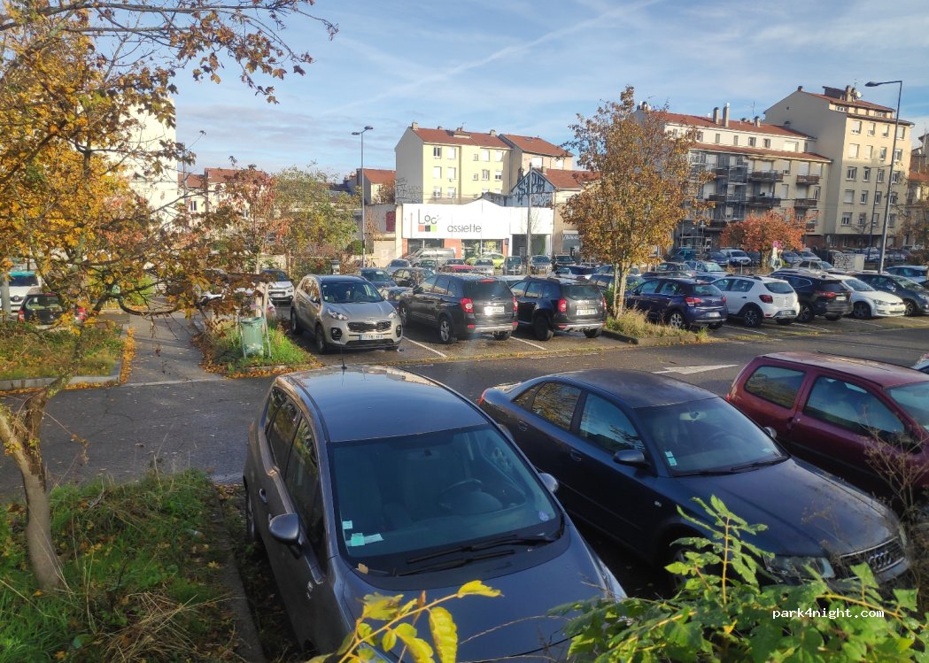 Parking goudronné plat. Proche centre ville. Gratuit la nuit, mais payant le jour.
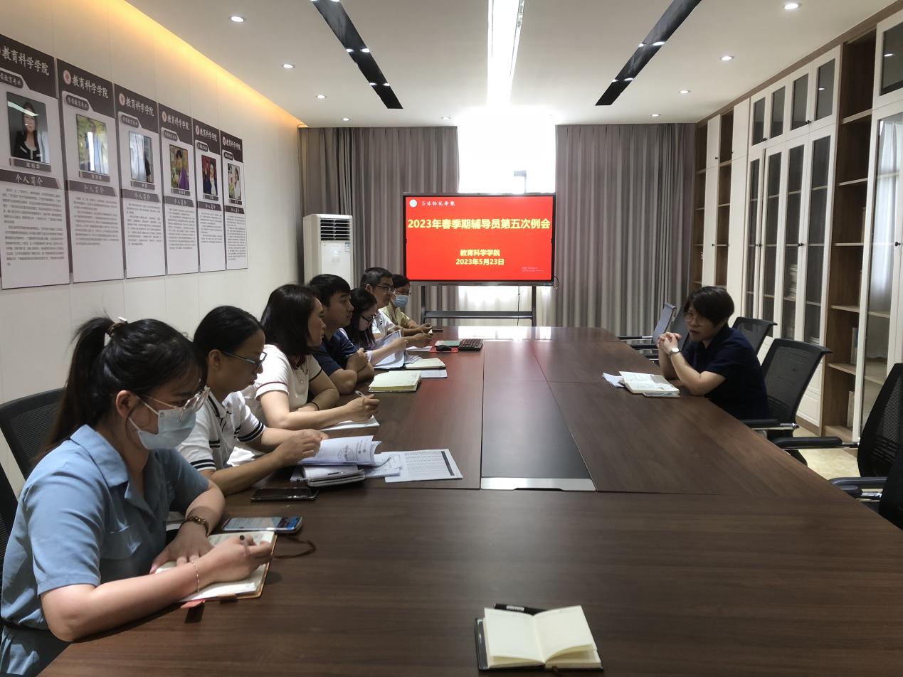 5月23日上午,教育科学学院于我校东校区明德楼408会议室召开2023年春季期第五次辅导员工作例会。本次会议由该院党委副书记李尚芳主持,全体辅导员参加会议。
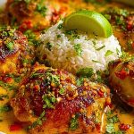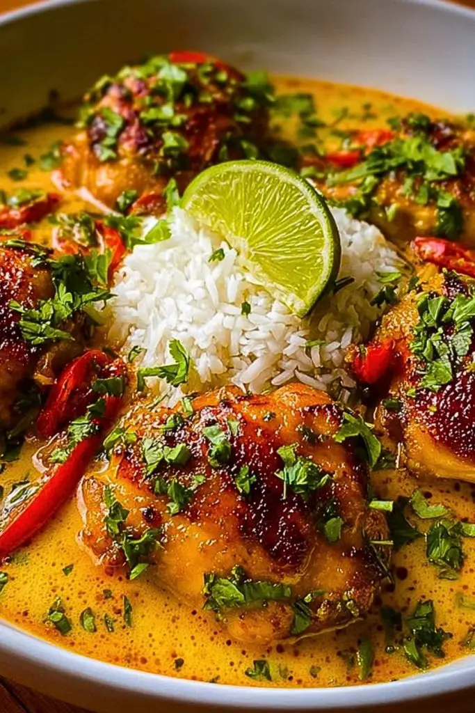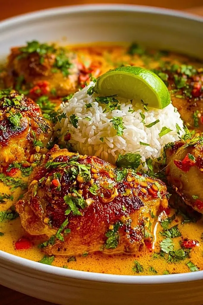 Spoon the chicken and sauce over a bed of steamed rice or your favorite side. Garnish with extra lime wedges and a final touch of herbs for a vibrant, fragrant finish.
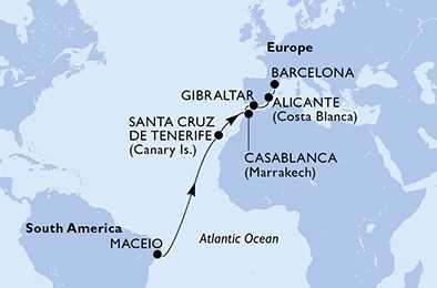 Brazílie, Španělsko, Maroko, Velká Británie z Maceia na lodi MSC Divina
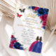 This chic Quinceañera invitation for twins features a gold glitter geometric frame adorned by vibrant royal blue and fuchsia pink floral and two girls in a fuchsia dress and in a royal blue dress. Personalise it with your details easily and quickly, simply click the "Edit Using Design Tools" button to modify the text, wording, font style, font size, and font colour. You can also add or remove text, and move or remove images. The butterflies, quince girls and crown are moveable, resizable, duplicatable, and removable, allowing you to customise the design to suit your occasion.
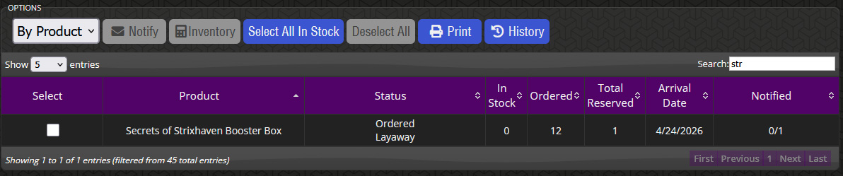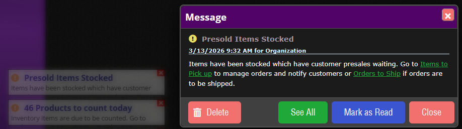 This is also a handy tool for doing special orders with customers. If a customer asks for an item you don’t typically carry, but you want to special order it for them, you can create a new product in the system and do a pre-sale to the customer for that product. Later, once you’ve ordered it and it arrives, you can use the same procedure for tracking and notifying the customer when it’s ready.
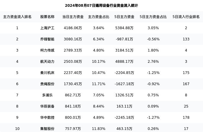从主力资金流向来看,通用设备行业今日主力资金流入36.94亿,在所有申万二级行业中排名:84/131。

- - - -

Work order: Print nothing except the lines above from the one containing "Spoon the chicken" down to the one containing "Brazílie, Španělsko, Maroko, Velká", both included, exactly as written and free of pictures.

Exercise response:
 Spoon the chicken and sauce over a bed of steamed rice or your favorite side. Garnish with extra lime wedges and a final touch of herbs for a vibrant, fragrant finish.
 Brazílie, Španělsko, Maroko, Velká Británie z Maceia na lodi MSC Divina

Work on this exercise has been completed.